An exact copy of the lines of the listing below between the "This image showcases" line and the "One lehenga, two" line, both included, is the whole answer; please omit the pictures.

Input data:
------------

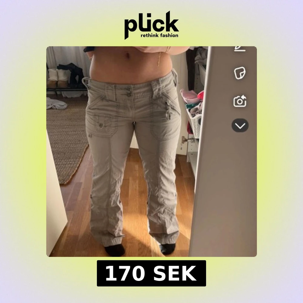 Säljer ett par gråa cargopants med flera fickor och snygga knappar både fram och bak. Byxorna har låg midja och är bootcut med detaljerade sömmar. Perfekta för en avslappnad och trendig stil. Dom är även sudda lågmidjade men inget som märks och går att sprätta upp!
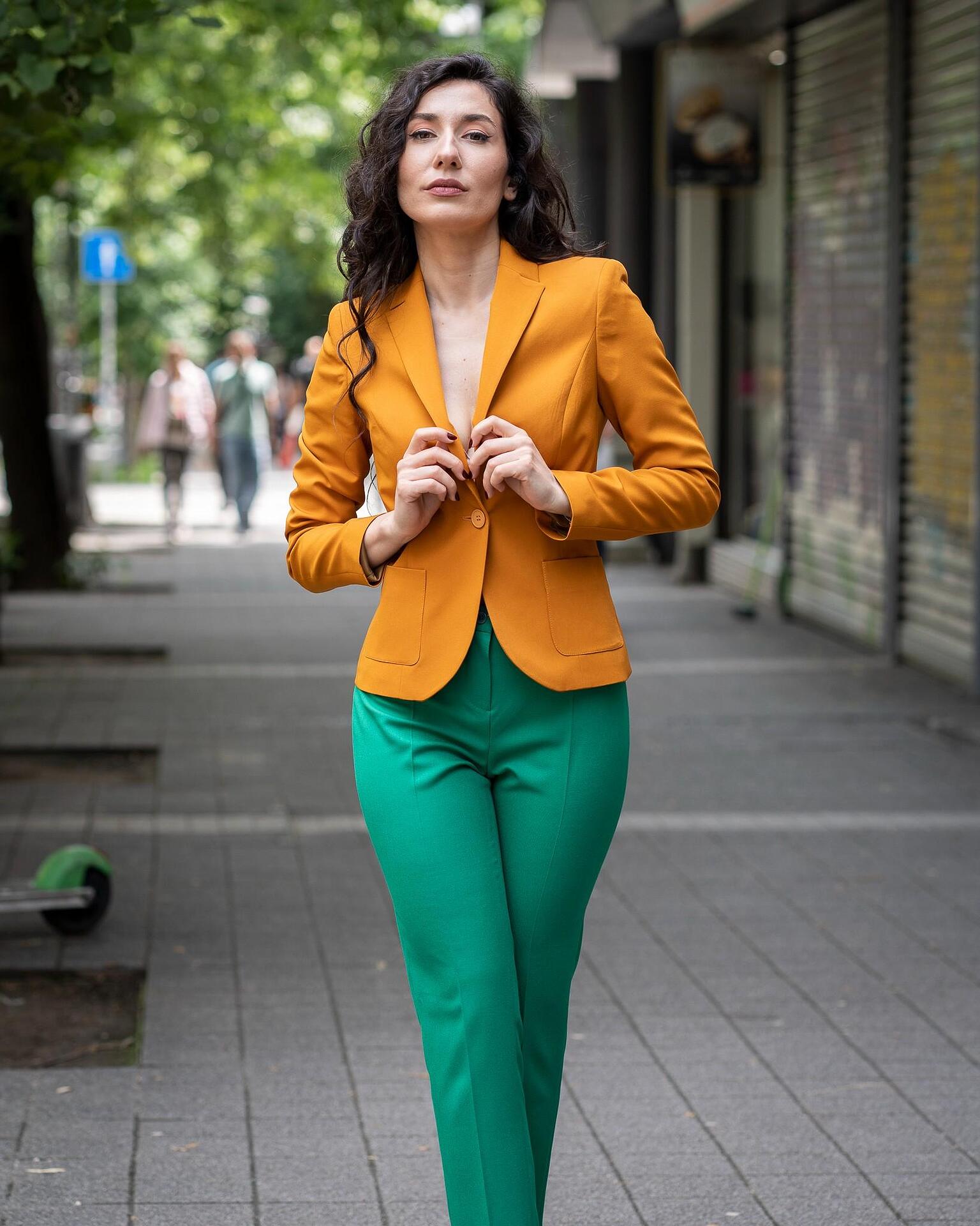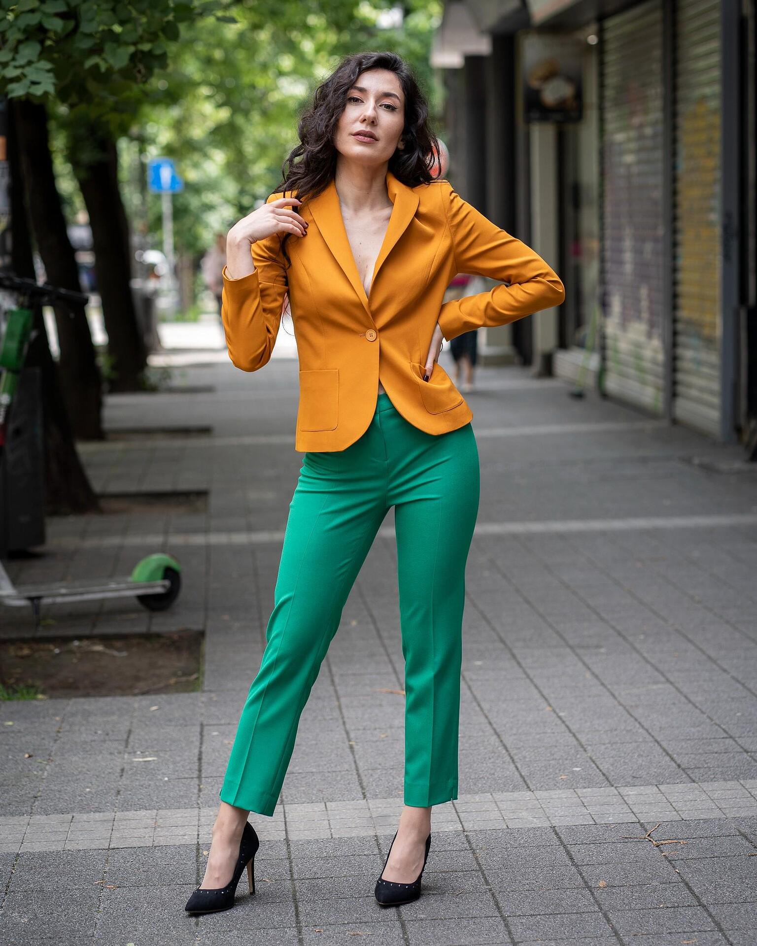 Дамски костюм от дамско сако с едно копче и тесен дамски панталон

------------

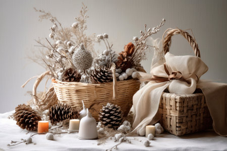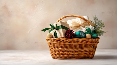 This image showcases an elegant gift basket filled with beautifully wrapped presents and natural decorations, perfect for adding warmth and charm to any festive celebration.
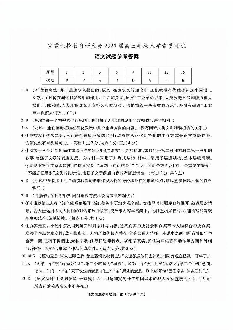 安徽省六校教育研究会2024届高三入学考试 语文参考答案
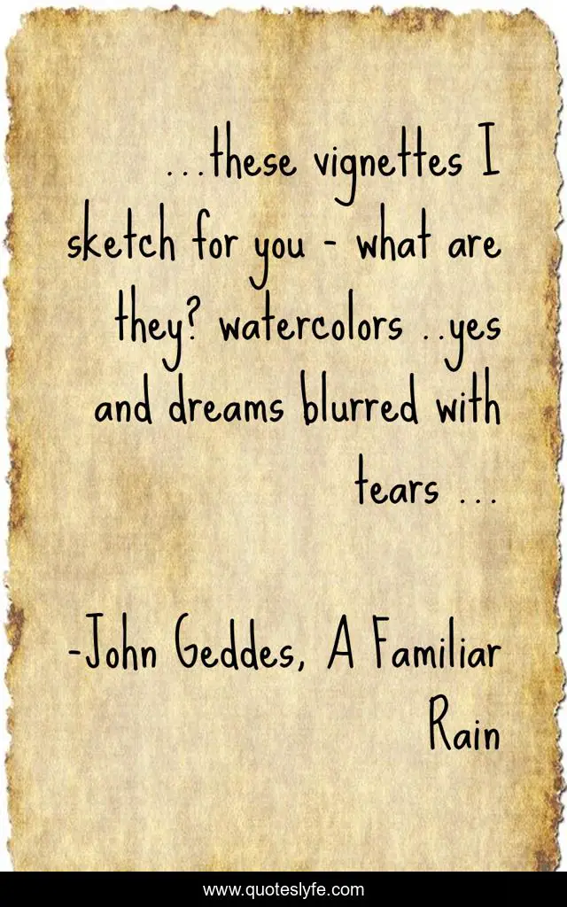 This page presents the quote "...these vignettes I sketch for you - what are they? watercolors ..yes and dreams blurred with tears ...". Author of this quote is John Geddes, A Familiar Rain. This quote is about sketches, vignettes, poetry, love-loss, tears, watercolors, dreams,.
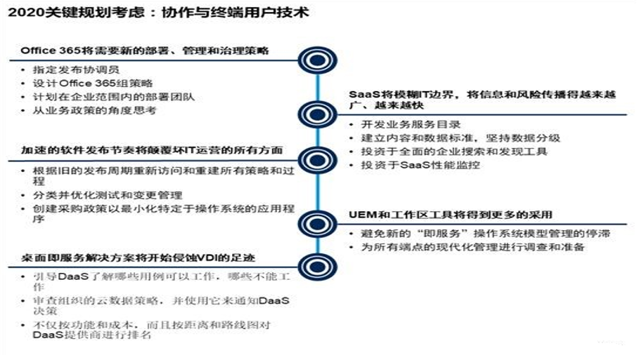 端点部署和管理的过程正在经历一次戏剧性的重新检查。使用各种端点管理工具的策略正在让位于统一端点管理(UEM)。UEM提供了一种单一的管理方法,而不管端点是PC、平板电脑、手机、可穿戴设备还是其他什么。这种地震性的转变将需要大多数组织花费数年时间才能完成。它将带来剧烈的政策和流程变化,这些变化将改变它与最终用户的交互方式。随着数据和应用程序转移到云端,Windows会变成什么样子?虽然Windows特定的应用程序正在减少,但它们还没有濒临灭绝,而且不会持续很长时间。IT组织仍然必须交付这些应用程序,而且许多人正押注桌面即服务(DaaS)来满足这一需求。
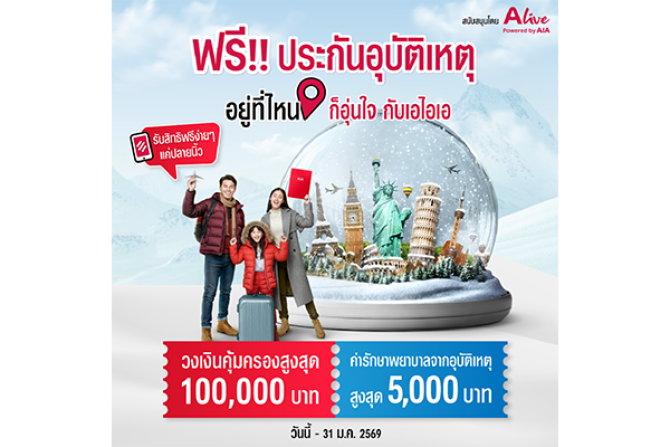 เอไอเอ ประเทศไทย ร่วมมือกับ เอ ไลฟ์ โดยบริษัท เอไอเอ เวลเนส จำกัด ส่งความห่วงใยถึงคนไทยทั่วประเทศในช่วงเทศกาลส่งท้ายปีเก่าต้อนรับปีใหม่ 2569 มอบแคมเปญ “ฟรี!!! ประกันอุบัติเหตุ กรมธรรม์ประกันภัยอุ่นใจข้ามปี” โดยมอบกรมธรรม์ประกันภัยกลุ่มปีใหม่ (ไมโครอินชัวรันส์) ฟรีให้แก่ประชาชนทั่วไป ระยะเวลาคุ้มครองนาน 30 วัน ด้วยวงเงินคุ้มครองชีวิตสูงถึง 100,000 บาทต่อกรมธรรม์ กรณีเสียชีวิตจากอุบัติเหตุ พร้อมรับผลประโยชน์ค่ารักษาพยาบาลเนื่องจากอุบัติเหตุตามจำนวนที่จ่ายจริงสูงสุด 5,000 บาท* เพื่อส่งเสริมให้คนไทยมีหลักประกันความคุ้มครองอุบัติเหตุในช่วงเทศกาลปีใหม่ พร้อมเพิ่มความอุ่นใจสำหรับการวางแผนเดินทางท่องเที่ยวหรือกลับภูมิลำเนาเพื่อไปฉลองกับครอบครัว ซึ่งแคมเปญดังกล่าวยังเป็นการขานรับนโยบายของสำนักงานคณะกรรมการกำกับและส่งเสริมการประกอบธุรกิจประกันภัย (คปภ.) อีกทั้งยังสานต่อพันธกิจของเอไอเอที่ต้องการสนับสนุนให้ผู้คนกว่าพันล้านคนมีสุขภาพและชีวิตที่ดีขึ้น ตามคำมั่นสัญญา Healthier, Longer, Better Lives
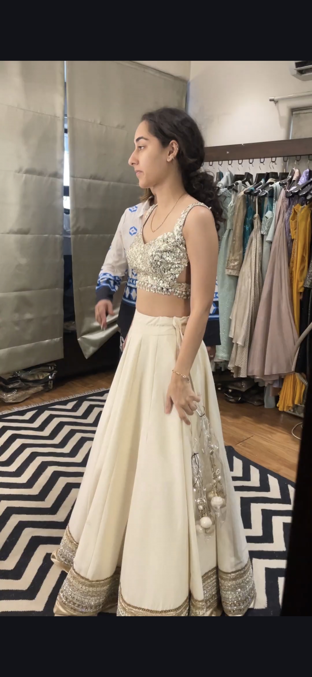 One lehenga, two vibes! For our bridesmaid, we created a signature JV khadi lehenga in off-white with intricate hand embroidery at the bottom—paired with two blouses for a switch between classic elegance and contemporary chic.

------------

Answer to this exercise:
 This image showcases an elegant gift basket filled with beautifully wrapped presents and natural decorations, perfect for adding warmth and charm to any festive celebration.
 安徽省六校教育研究会2024届高三入学考试 语文参考答案
 This page presents the quote "...these vignettes I sketch for you - what are they? watercolors ..yes and dreams blurred with tears ...". Author of this quote is John Geddes, A Familiar Rain. This quote is about sketches, vignettes, poetry, love-loss, tears, watercolors, dreams,.
 端点部署和管理的过程正在经历一次戏剧性的重新检查。使用各种端点管理工具的策略正在让位于统一端点管理(UEM)。UEM提供了一种单一的管理方法,而不管端点是PC、平板电脑、手机、可穿戴设备还是其他什么。这种地震性的转变将需要大多数组织花费数年时间才能完成。它将带来剧烈的政策和流程变化,这些变化将改变它与最终用户的交互方式。随着数据和应用程序转移到云端,Windows会变成什么样子?虽然Windows特定的应用程序正在减少,但它们还没有濒临灭绝,而且不会持续很长时间。IT组织仍然必须交付这些应用程序,而且许多人正押注桌面即服务(DaaS)来满足这一需求。
 เอไอเอ ประเทศไทย ร่วมมือกับ เอ ไลฟ์ โดยบริษัท เอไอเอ เวลเนส จำกัด ส่งความห่วงใยถึงคนไทยทั่วประเทศในช่วงเทศกาลส่งท้ายปีเก่าต้อนรับปีใหม่ 2569 มอบแคมเปญ “ฟรี!!! ประกันอุบัติเหตุ กรมธรรม์ประกันภัยอุ่นใจข้ามปี” โดยมอบกรมธรรม์ประกันภัยกลุ่มปีใหม่ (ไมโครอินชัวรันส์) ฟรีให้แก่ประชาชนทั่วไป ระยะเวลาคุ้มครองนาน 30 วัน ด้วยวงเงินคุ้มครองชีวิตสูงถึง 100,000 บาทต่อกรมธรรม์ กรณีเสียชีวิตจากอุบัติเหตุ พร้อมรับผลประโยชน์ค่ารักษาพยาบาลเนื่องจากอุบัติเหตุตามจำนวนที่จ่ายจริงสูงสุด 5,000 บาท* เพื่อส่งเสริมให้คนไทยมีหลักประกันความคุ้มครองอุบัติเหตุในช่วงเทศกาลปีใหม่ พร้อมเพิ่มความอุ่นใจสำหรับการวางแผนเดินทางท่องเที่ยวหรือกลับภูมิลำเนาเพื่อไปฉลองกับครอบครัว ซึ่งแคมเปญดังกล่าวยังเป็นการขานรับนโยบายของสำนักงานคณะกรรมการกำกับและส่งเสริมการประกอบธุรกิจประกันภัย (คปภ.) อีกทั้งยังสานต่อพันธกิจของเอไอเอที่ต้องการสนับสนุนให้ผู้คนกว่าพันล้านคนมีสุขภาพและชีวิตที่ดีขึ้น ตามคำมั่นสัญญา Healthier, Longer, Better Lives
 One lehenga, two vibes! For our bridesmaid, we created a signature JV khadi lehenga in off-white with intricate hand embroidery at the bottom—paired with two blouses for a switch between classic elegance and contemporary chic.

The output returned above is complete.